# Lionel versus USA trains



## mymodeltrain (May 14, 2013)

I like USA trains due to the metal casts and their stability, but the motors, some times make a noise like the sound from a dentist drill. In addition, USA trains do not run well when the rail is wet (PIKO and LGB trains have no problem with wet rails). I want to hear the contrast between Lionel and USA trains. Thanks in advance.


----------



## SD90WLMT (Feb 16, 2010)

based on your pic above - what locos for each brand are you trying to compare? 

It will be easier for others to make their opinions fit your situation. 

Dirk - happy rails & have fun with your trains....


----------



## vsmith (Jan 2, 2008)

Are we talking OLD Lionel track powered (GP9-GP20, decent to very good) or NEW battery bi-Polar Express based Lionel (Pennsy Flyer, poor to crap ) 

Anything USA is very good


----------



## mymodeltrain (May 14, 2013)

"based on your pic above - what locos for each brand are you trying to compare? 

It will be easier for others to make their opinions fit your situation. " 

I just show the railway that I built in the past few months with the help of members of this MLS forum. I am interested to get Lionel locos and I want to compare Lionel with USA trains since I don't want to get the locos with the same disadvantages as I observed with USA trains.


----------



## Dave Meashey (Jan 2, 2008)

Lionel has no current track-powered items in production for large scale. I would have to agree with Victor concerning the quality of the battery-powered (pseudo) large scale(?) sets. You can still find older track-powered Lionel locomotives, but they will probably be "previously owned," and possibly on their "last legs." Sorry for the discouraging input, but those are the facts at present.

If the "iffy" scale of Lionel does not bother you, you may want to take a look at what Hartland Locomotive Works has to offer. They may not be the most exactly scaled offerings, but their mechanisms are "bullet-proof," and details can be added. I have added some photos of HLW equipment below to give you an idea. 

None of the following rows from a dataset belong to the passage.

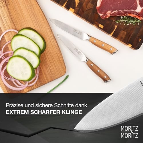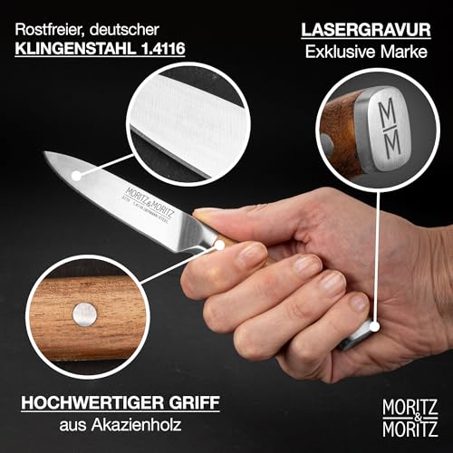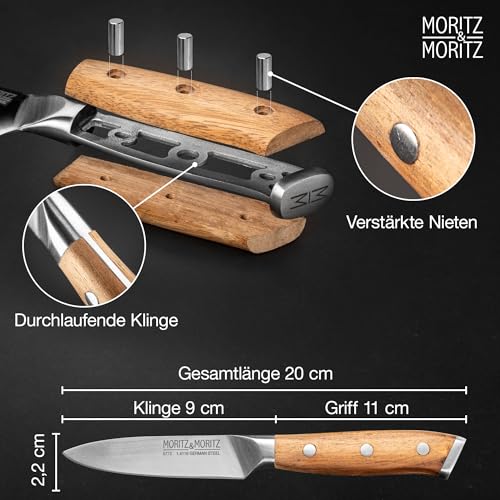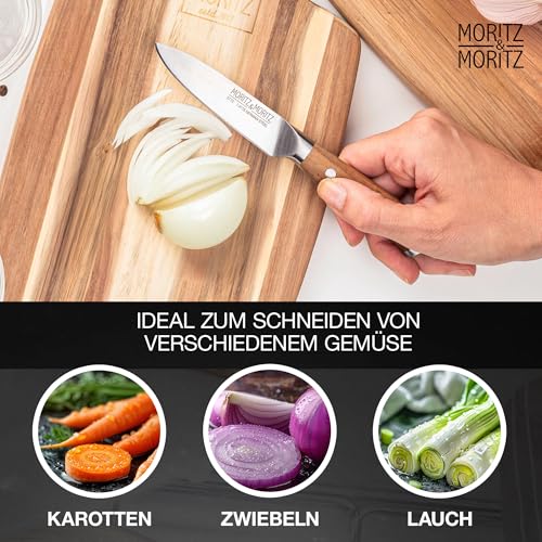 Moritz & Moritz Gemüsemesser 9 cm - Kleines Obstmesser mit scharfer Klinge - Schälmesser für präzises Schneiden - Ergonomischer Griff aus Akazienholz - Allzweckmesser aus deutschem Messerstahl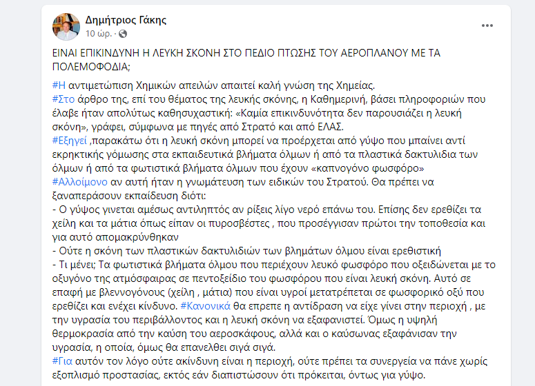 Ο γνωστός γενικός χειρουργός Δημήτρης Γάκης με ανάρτηση του στο Facebook αναφέρθηκε στην λευκή σκόνη που εμφανίστηκε μετά την πτώση του ουκρανικού Antonov έξω από την Καβάλα το βράδυ του Σαββάτου.
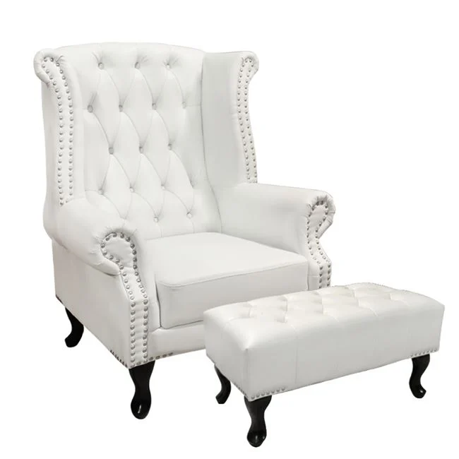 Σετ πολυθρόνα μπερζέρα και υποπόδιο, τύπου chesterfield καπιτονέ απο λευκό ματ τεχνόδερμα υψηλής ποιότητας και ενισχυμένο ξύλινο σκελετό στο εσωτερικό του και στα πόδια .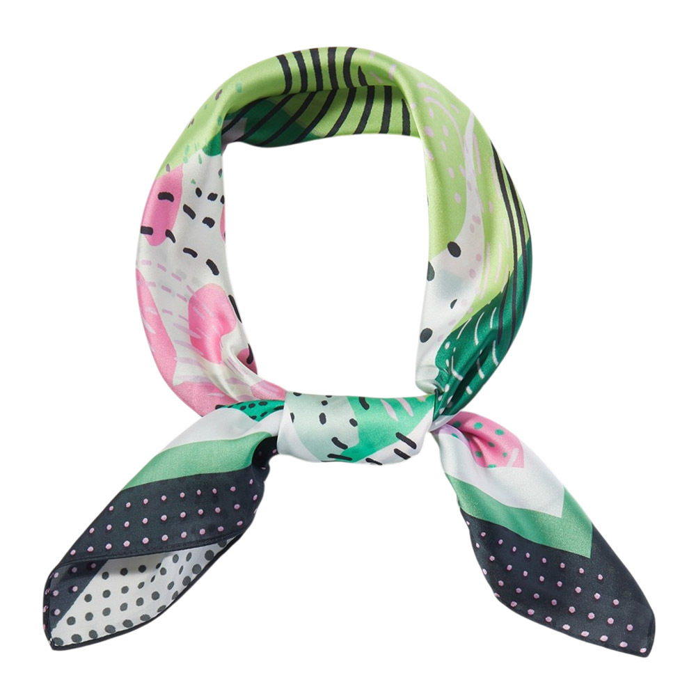• Square fashion scarf featuring an expressive abstract art design with dynamic shapes and flowing patterns. Designed for versatile styling as a neck scarf, hair accessory, or bag accent, making it ideal for boutiques seeking modern statement accessories with everyday wear appeal and seasonal flexibility.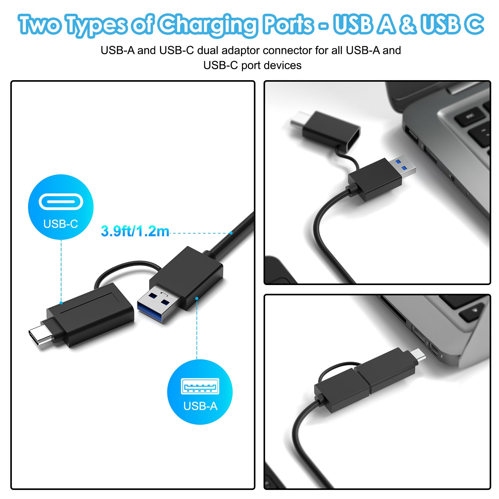 【Powerful Charging Capabilities】2 USB-A Charging Ports (9V/2A), fast-charge USB-A/USB-C compatible devices. 2 USB-C Charging Ports (9V/2A), optimized for USB-C devices, delivering rapid and stable charging. 60W PD Charging Port, provides high-power charging for laptops and other power-hungry devices.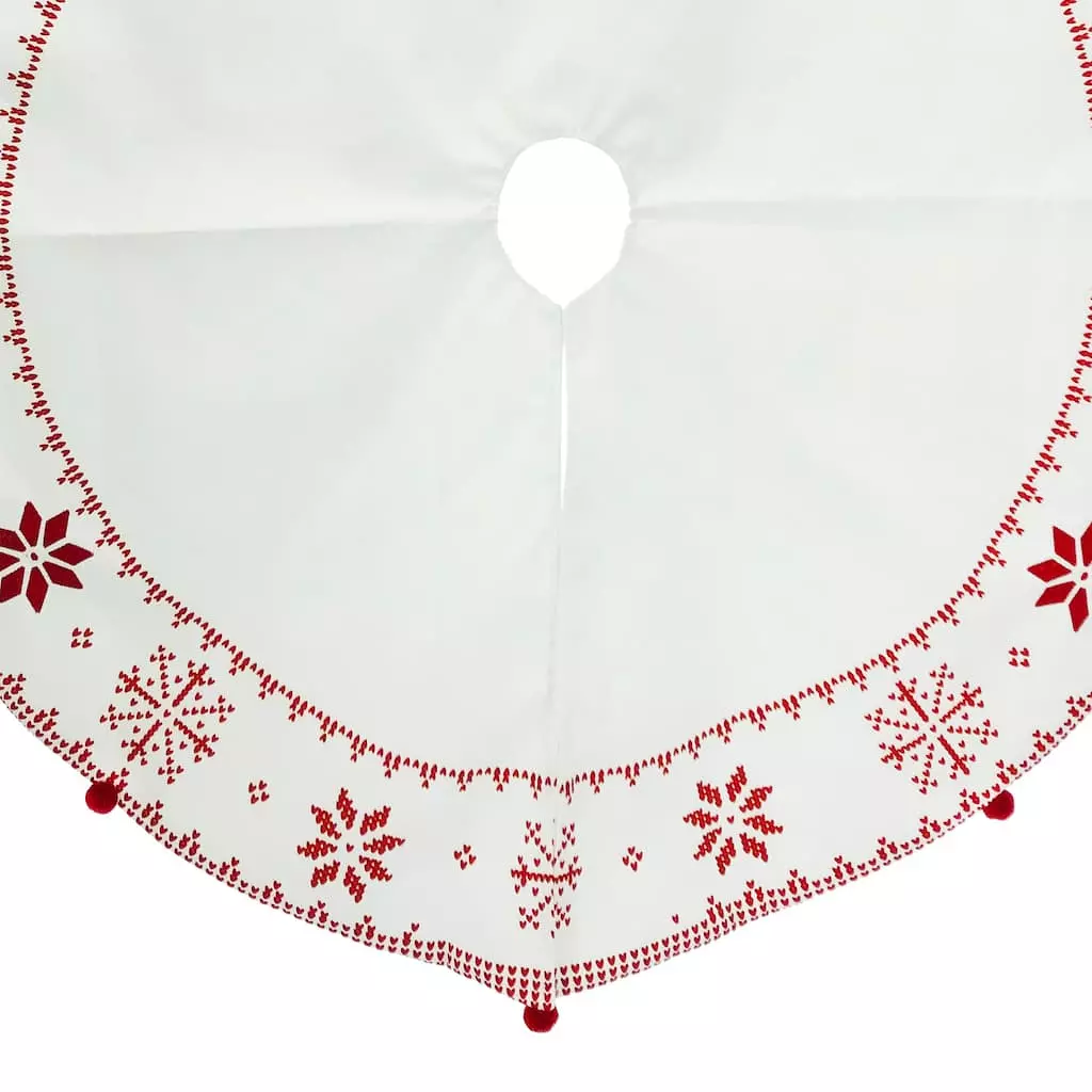 This charming Christmas tree skirt, featuring a Fair Isle style design, is a fantastic way to complete your holiday decorating. Wrap around the bottom of your tree to add extra cheer to your home for the season.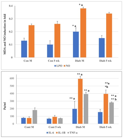 Untreated diabetes induces oxidative stress and inflammation in mothers and inflammatory response in 5-week-old offspring. (A). Lipid peroxidation products, MDA and NO induction in control and diabetic mothers and their offspring. (B). Untreated diabetes during pregnancy affects the proinflammatory cytokines level in serum of mothers and offspring. p ≤ 0.05 * significant variation, p ≤ 0.01 ** high significant variation. a versus appropriate control; (control mothers, Con M and 5-week-old offspring, con 5 wk), b relative to diabetic mothers (Diab M, n = 4–5.)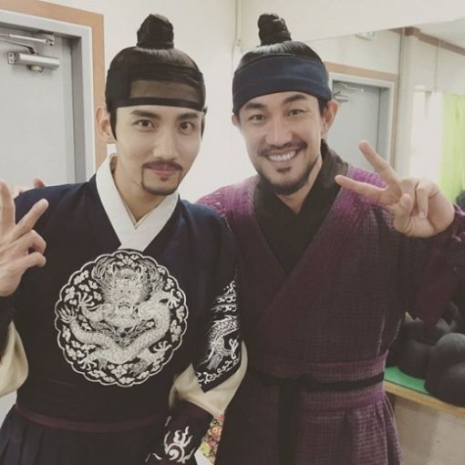 이날 공개된 사진에는 MBC 수목드라마 ‘밤을 걷는 선비(이하 밤선비)’ 촬영장으로 보이는 곳에서 심창민과 한정수가 다정한 모습으로 카메라를 응시하고 있다.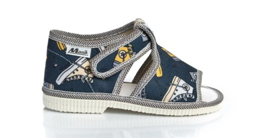 Papučky Manik sú z poctivej slovenskej dielne. Vyrábajú sa v rôznych farebných kombináciách a prevedeniach. Papučky sú sandálkového strihu s otvorenou špicou so zapínaním na suchý zips, takže sa pekne prispôsobia členkom. Sedia na normálne široké až užšie nôžky. Papučky sú ľahučké, majú výraznejšie tvarovanú klenbu a vďaka pevnejšej látke krásne detičkám sedia.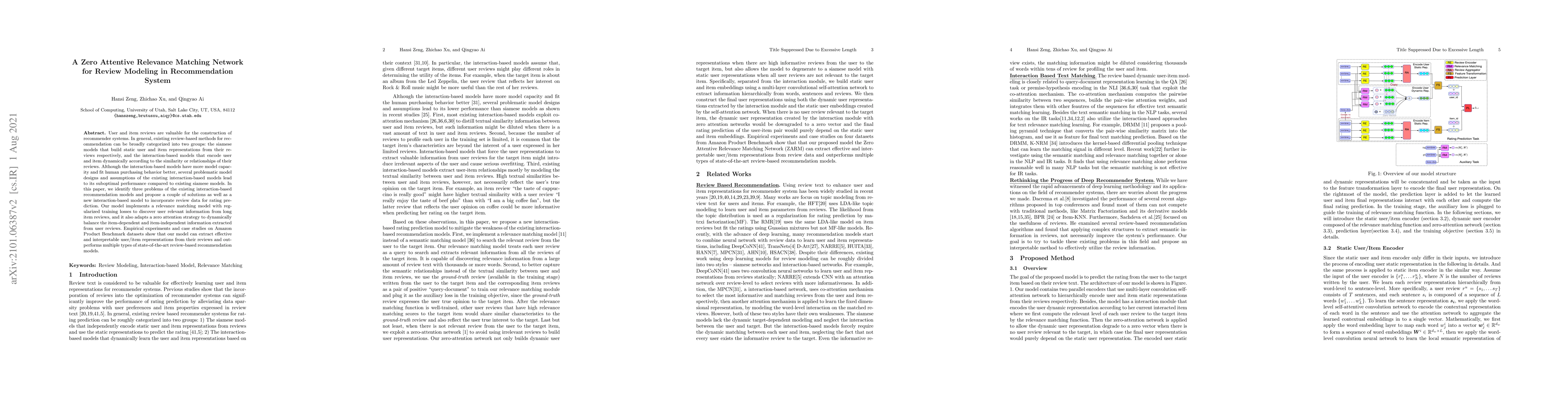 User and item reviews are valuable for the construction of recommender systems. In general, existing review-based methods for recommendation can be broadly categorized into two groups: the siamese models that build static user and item representations from their reviews respectively, and the interaction-based models that encode user and item dynamically according to the similarity or relationships of their reviews. Although the interaction-based models have more model capacity and fit human purchasing behavior better, several problematic model designs and assumptions of the existing interaction-based models lead to its suboptimal performance compared to existing siamese models. In this paper, we identify three problems of the existing interaction-based recommendation models and propose a couple of solutions as well as a new interaction-based model to incorporate review data for rating prediction. Our model implements a relevance matching model with regularized training losses to discover user relevant information from long item reviews, and it also adapts a zero attention strategy to dynamically balance the item-dependent and item-independent information extracted from user reviews. Empirical experiments and case studies on Amazon Product Benchmark datasets show that our model can extract effective and interpretable user/item representations from their reviews and outperforms multiple types of state-of-the-art review-based recommendation models.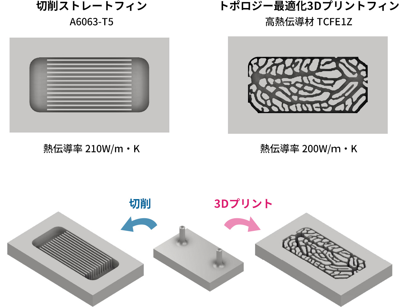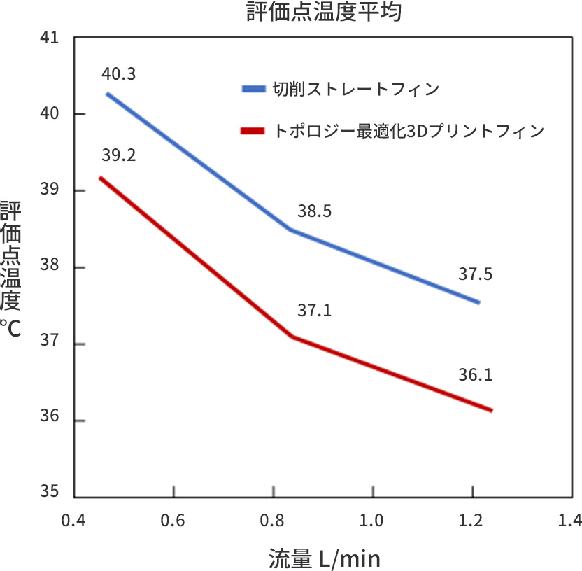 切削ストレートフィンとトポロジー最適化3Dプリントフィンの性能比較
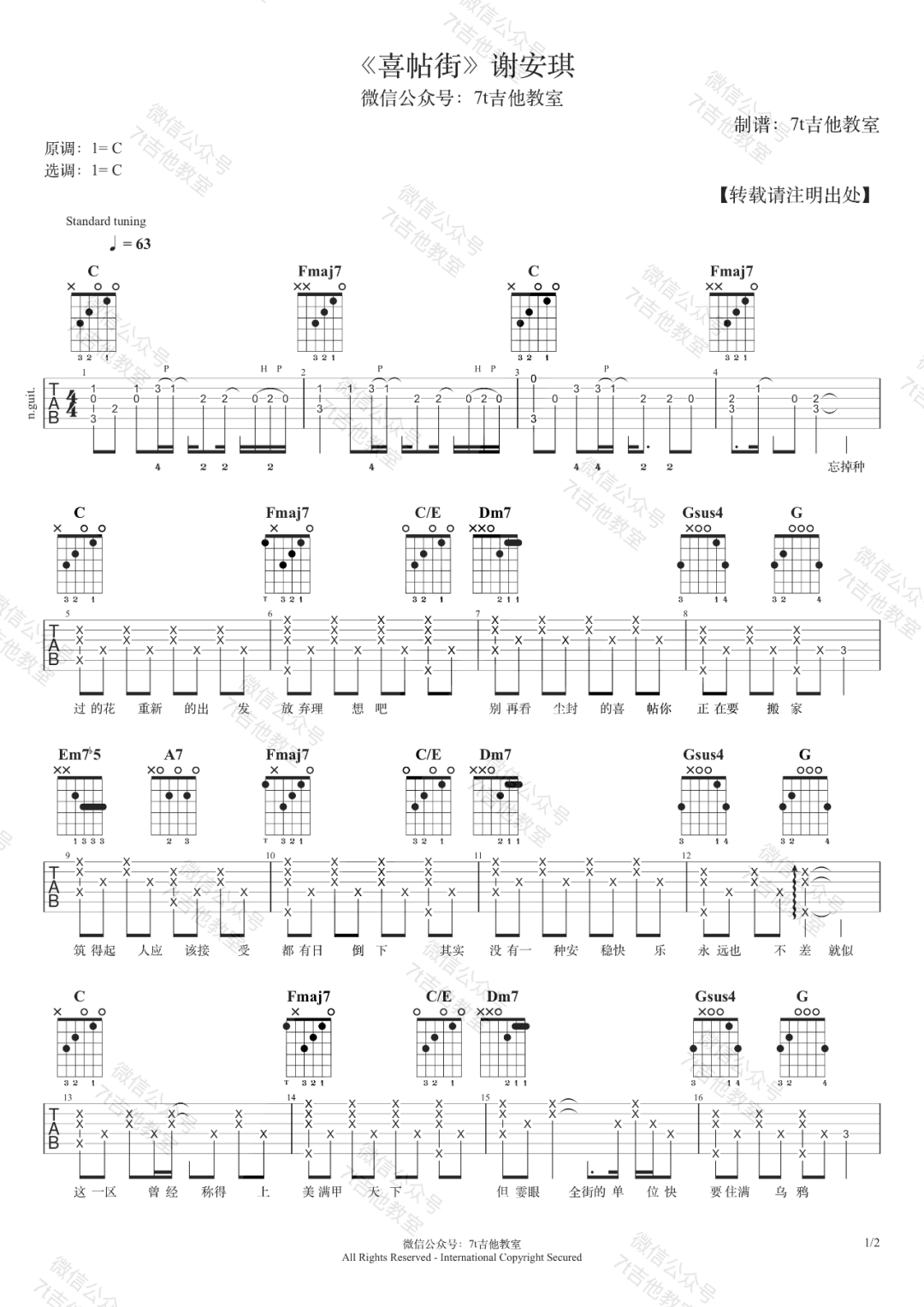 曲谱介绍: 《喜帖街》吉他谱的原调是C大调,这个版本也是按照原调用C大调的指法来编配,示范视频里是男声演唱,标准音调弦,使用变调夹,夹在第2品,适合音域较低的男生。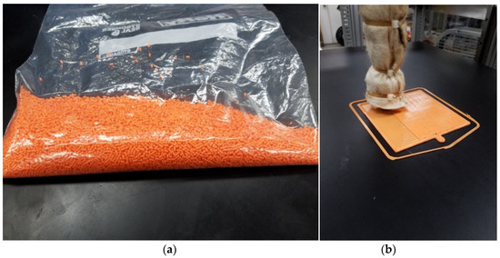 (a) PLA pellets made with the pelletizer; (b) printing with ease on the Gigabot X.

As you can see, HLW offers a fair selection of motive power that can be modified to look more scale.

Best of luck,
David Meashey


----------



## bnsfconductor (Jan 3, 2008)

The gear whine gets less and less the more you run a USA loco. I'm not sure what you mean when you say that a USAT loco slips in the rain. I pulled 33 cars up a 4% grade with wet rail with my GP9. That's with the traction tires removed. I stalled out at 34 cars.. The grade was 150' long. 

Craig


----------



## mymodeltrain (May 14, 2013)

"The gear whine gets less and less the more you run a USA loco. I'm not sure what you mean when you say that a USAT loco slips in the rain. I pulled 33 cars up a 4% grade with wet rail with my GP9. That's with the traction tires removed. I stalled out at 34 cars.. The grade was 150' long". 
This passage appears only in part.